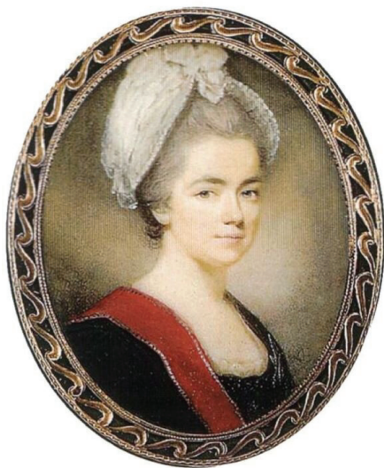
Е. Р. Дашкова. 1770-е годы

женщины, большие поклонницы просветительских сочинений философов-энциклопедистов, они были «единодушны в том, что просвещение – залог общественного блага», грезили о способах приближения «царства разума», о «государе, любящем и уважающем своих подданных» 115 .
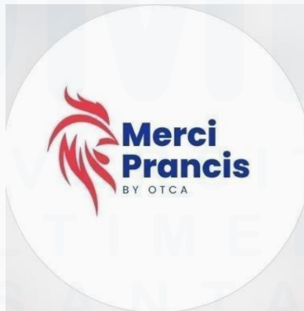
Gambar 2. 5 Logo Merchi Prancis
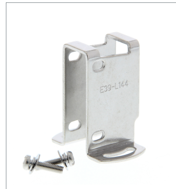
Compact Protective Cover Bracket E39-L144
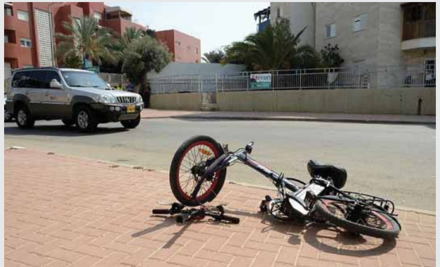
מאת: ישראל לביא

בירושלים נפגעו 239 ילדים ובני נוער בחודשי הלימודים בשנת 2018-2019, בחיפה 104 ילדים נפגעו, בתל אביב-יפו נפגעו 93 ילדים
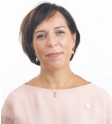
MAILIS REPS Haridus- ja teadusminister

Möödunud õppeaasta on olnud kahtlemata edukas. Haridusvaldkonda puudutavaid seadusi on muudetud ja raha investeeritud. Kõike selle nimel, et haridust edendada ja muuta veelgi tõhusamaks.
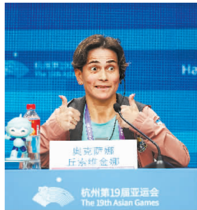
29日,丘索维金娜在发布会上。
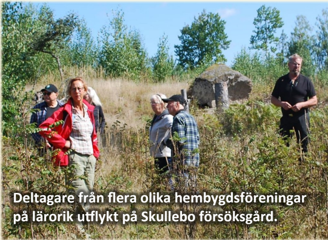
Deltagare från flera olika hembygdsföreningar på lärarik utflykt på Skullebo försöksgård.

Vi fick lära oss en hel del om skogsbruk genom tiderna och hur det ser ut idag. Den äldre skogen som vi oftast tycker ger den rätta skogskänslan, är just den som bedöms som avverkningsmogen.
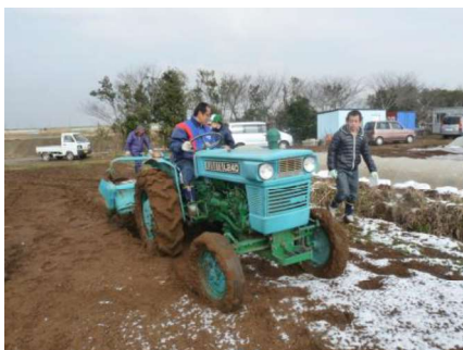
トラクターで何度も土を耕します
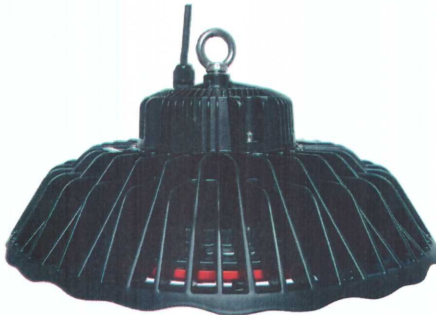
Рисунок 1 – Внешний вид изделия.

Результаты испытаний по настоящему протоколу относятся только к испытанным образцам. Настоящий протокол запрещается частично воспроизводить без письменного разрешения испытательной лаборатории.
☆ ☆ ☆ ☆ ☆ ☆ ☆
● Aim of the exercise: Above are some records. Output exactly the lines from the one that contains "Gambar 2. 5 Logo Merchi Prancis" to the one that contains "Deltagare från flera", keeping both, and omit the pictures.

● Output for this task:
Gambar 2. 5 Logo Merchi Prancis
Compact Protective Cover Bracket E39-L144
מאת: ישראל לביא

בירושלים נפגעו 239 ילדים ובני נוער בחודשי הלימודים בשנת 2018-2019, בחיפה 104 ילדים נפגעו, בתל אביב-יפו נפגעו 93 ילדים
MAILIS REPS Haridus- ja teadusminister

Möödunud õppeaasta on olnud kahtlemata edukas. Haridusvaldkonda puudutavaid seadusi on muudetud ja raha investeeritud. Kõike selle nimel, et haridust edendada ja muuta veelgi tõhusamaks.
29日,丘索维金娜在发布会上。
Deltagare från flera olika hembygdsföreningar på lärarik utflykt på Skullebo försöksgård.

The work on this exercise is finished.